[Recorded data]
□ □ □ □
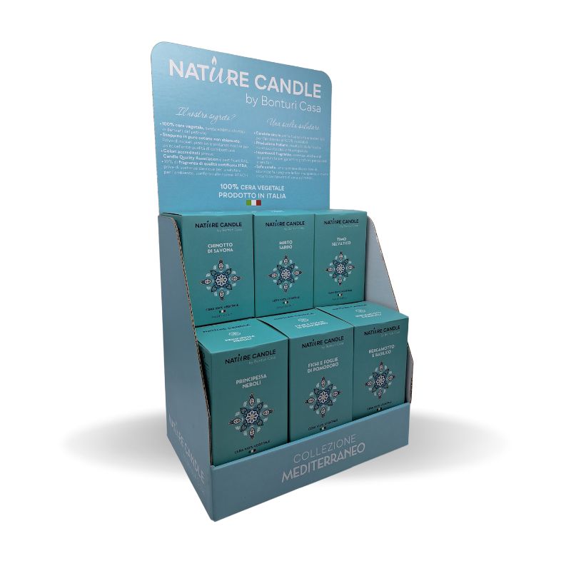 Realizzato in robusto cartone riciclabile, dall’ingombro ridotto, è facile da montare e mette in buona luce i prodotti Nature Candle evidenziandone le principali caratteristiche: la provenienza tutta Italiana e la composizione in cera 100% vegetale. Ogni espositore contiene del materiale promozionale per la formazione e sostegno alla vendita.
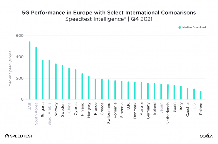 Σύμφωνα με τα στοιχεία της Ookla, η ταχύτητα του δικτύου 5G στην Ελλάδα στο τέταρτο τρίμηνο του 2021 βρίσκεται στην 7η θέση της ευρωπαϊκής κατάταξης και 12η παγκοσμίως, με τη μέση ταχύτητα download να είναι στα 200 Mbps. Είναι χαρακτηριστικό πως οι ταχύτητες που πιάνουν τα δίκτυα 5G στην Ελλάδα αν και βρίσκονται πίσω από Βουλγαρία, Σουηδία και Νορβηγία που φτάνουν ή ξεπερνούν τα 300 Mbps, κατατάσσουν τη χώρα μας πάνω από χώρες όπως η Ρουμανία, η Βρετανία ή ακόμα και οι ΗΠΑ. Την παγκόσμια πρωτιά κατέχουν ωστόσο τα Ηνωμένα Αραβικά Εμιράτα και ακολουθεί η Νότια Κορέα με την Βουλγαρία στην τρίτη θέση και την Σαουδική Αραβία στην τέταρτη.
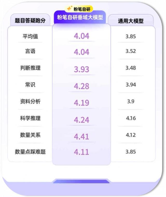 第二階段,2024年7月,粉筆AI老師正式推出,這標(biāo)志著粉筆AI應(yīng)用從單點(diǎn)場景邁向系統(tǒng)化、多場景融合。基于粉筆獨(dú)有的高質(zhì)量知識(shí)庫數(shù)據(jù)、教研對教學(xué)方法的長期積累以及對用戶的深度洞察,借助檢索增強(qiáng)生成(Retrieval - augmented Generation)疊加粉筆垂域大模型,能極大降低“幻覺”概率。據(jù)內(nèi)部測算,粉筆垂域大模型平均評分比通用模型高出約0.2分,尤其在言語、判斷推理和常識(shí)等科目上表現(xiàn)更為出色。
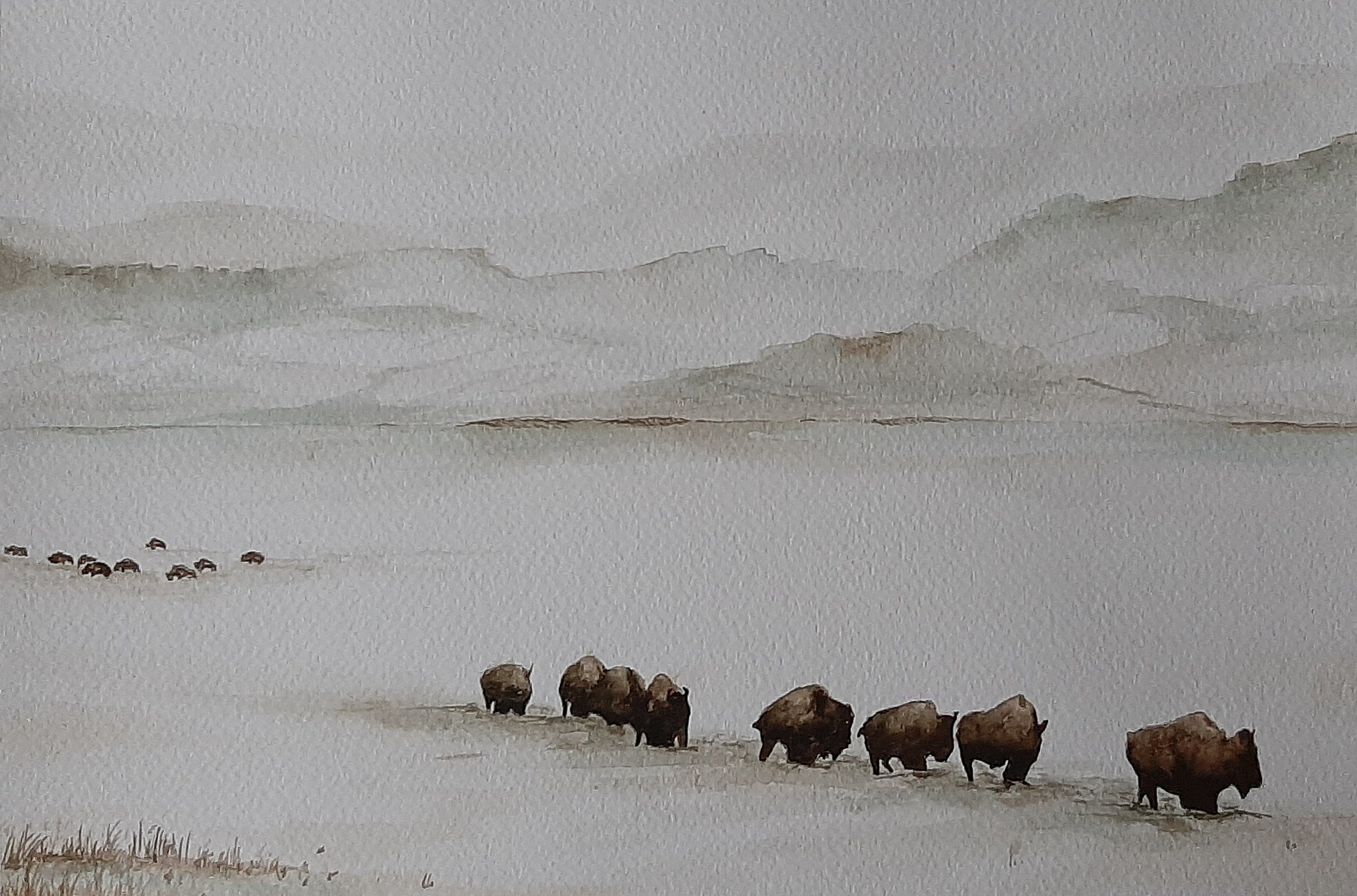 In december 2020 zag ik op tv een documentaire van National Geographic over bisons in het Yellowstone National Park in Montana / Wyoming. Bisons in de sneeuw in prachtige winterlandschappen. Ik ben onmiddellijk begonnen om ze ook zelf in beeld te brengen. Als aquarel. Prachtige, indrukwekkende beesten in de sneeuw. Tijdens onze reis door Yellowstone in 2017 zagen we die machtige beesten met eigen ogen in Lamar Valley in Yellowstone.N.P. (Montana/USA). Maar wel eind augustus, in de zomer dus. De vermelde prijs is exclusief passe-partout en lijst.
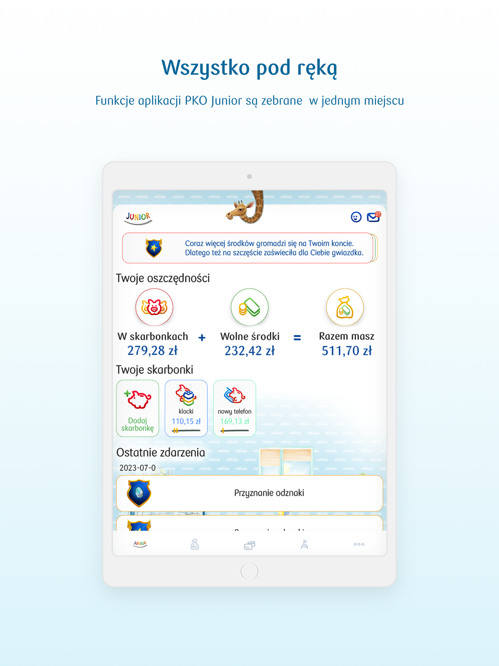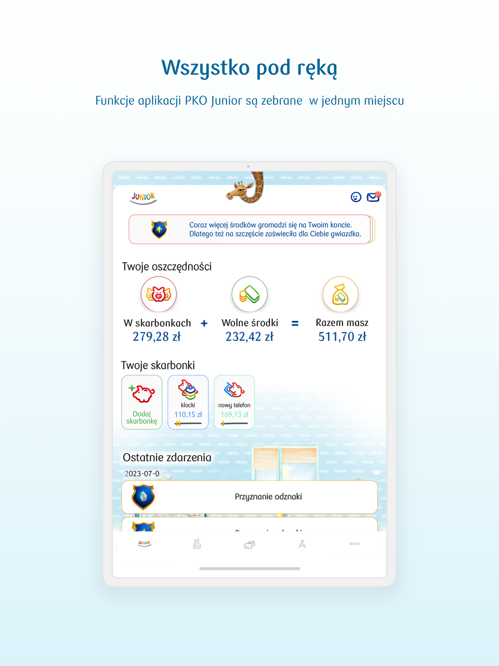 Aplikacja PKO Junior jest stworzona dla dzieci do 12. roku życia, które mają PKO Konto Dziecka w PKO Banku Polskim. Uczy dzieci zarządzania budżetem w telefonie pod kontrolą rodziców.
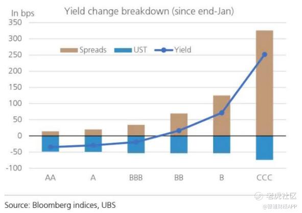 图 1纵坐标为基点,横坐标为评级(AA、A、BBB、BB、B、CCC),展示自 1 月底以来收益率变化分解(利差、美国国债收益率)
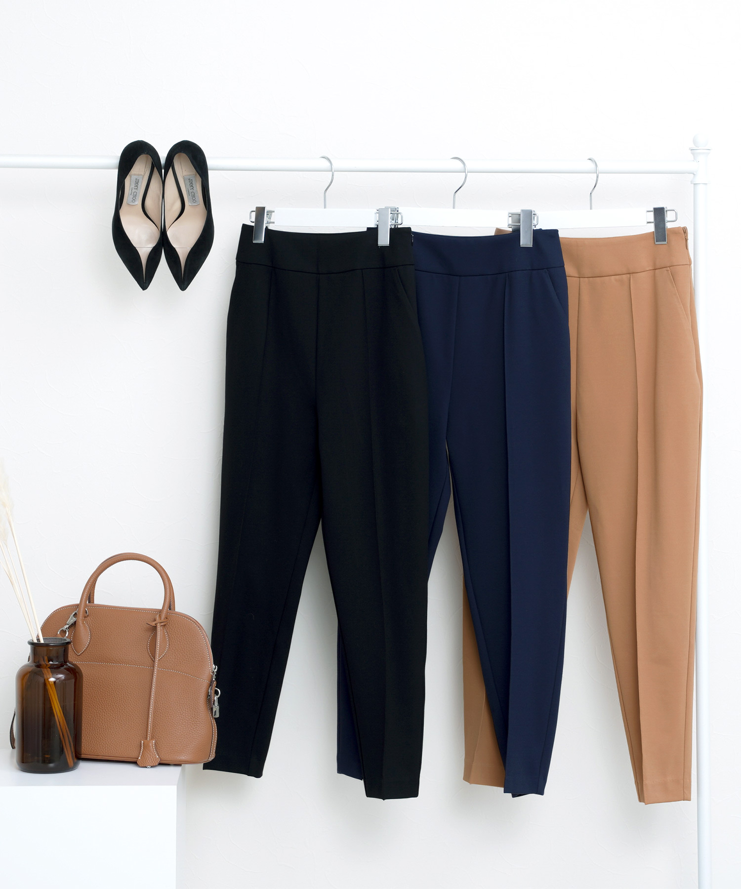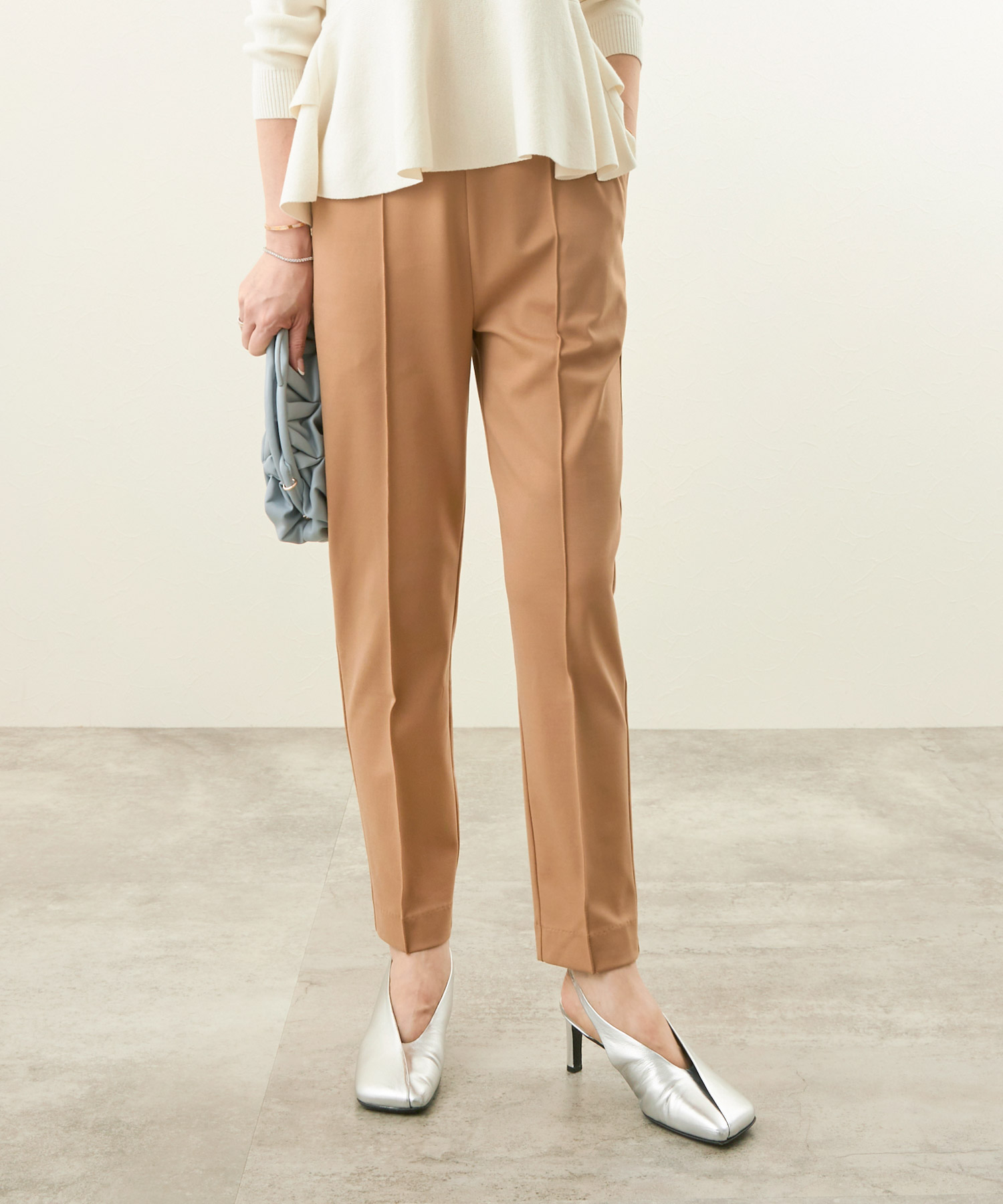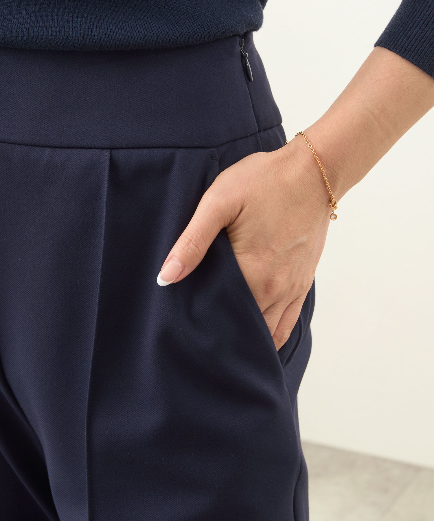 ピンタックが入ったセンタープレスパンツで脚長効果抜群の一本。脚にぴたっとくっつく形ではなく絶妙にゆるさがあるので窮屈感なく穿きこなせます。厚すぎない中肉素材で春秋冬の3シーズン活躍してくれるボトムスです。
□ □ □ □
▸ **ASSIGNMENT**: Leaving the pictures out, set down all of the data again exactly.

▸ **REPLY**:
 Realizzato in robusto cartone riciclabile, dall’ingombro ridotto, è facile da montare e mette in buona luce i prodotti Nature Candle evidenziandone le principali caratteristiche: la provenienza tutta Italiana e la composizione in cera 100% vegetale. Ogni espositore contiene del materiale promozionale per la formazione e sostegno alla vendita.
 Σύμφωνα με τα στοιχεία της Ookla, η ταχύτητα του δικτύου 5G στην Ελλάδα στο τέταρτο τρίμηνο του 2021 βρίσκεται στην 7η θέση της ευρωπαϊκής κατάταξης και 12η παγκοσμίως, με τη μέση ταχύτητα download να είναι στα 200 Mbps. Είναι χαρακτηριστικό πως οι ταχύτητες που πιάνουν τα δίκτυα 5G στην Ελλάδα αν και βρίσκονται πίσω από Βουλγαρία, Σουηδία και Νορβηγία που φτάνουν ή ξεπερνούν τα 300 Mbps, κατατάσσουν τη χώρα μας πάνω από χώρες όπως η Ρουμανία, η Βρετανία ή ακόμα και οι ΗΠΑ. Την παγκόσμια πρωτιά κατέχουν ωστόσο τα Ηνωμένα Αραβικά Εμιράτα και ακολουθεί η Νότια Κορέα με την Βουλγαρία στην τρίτη θέση και την Σαουδική Αραβία στην τέταρτη.
 第二階段,2024年7月,粉筆AI老師正式推出,這標(biāo)志著粉筆AI應(yīng)用從單點(diǎn)場景邁向系統(tǒng)化、多場景融合。基于粉筆獨(dú)有的高質(zhì)量知識(shí)庫數(shù)據(jù)、教研對教學(xué)方法的長期積累以及對用戶的深度洞察,借助檢索增強(qiáng)生成(Retrieval - augmented Generation)疊加粉筆垂域大模型,能極大降低“幻覺”概率。據(jù)內(nèi)部測算,粉筆垂域大模型平均評分比通用模型高出約0.2分,尤其在言語、判斷推理和常識(shí)等科目上表現(xiàn)更為出色。
 In december 2020 zag ik op tv een documentaire van National Geographic over bisons in het Yellowstone National Park in Montana / Wyoming. Bisons in de sneeuw in prachtige winterlandschappen. Ik ben onmiddellijk begonnen om ze ook zelf in beeld te brengen. Als aquarel. Prachtige, indrukwekkende beesten in de sneeuw. Tijdens onze reis door Yellowstone in 2017 zagen we die machtige beesten met eigen ogen in Lamar Valley in Yellowstone.N.P. (Montana/USA). Maar wel eind augustus, in de zomer dus. De vermelde prijs is exclusief passe-partout en lijst.
 Aplikacja PKO Junior jest stworzona dla dzieci do 12. roku życia, które mają PKO Konto Dziecka w PKO Banku Polskim. Uczy dzieci zarządzania budżetem w telefonie pod kontrolą rodziców.
 图 1纵坐标为基点,横坐标为评级(AA、A、BBB、BB、B、CCC),展示自 1 月底以来收益率变化分解(利差、美国国债收益率)
 ピンタックが入ったセンタープレスパンツで脚長効果抜群の一本。脚にぴたっとくっつく形ではなく絶妙にゆるさがあるので窮屈感なく穿きこなせます。厚すぎない中肉素材で春秋冬の3シーズン活躍してくれるボトムスです。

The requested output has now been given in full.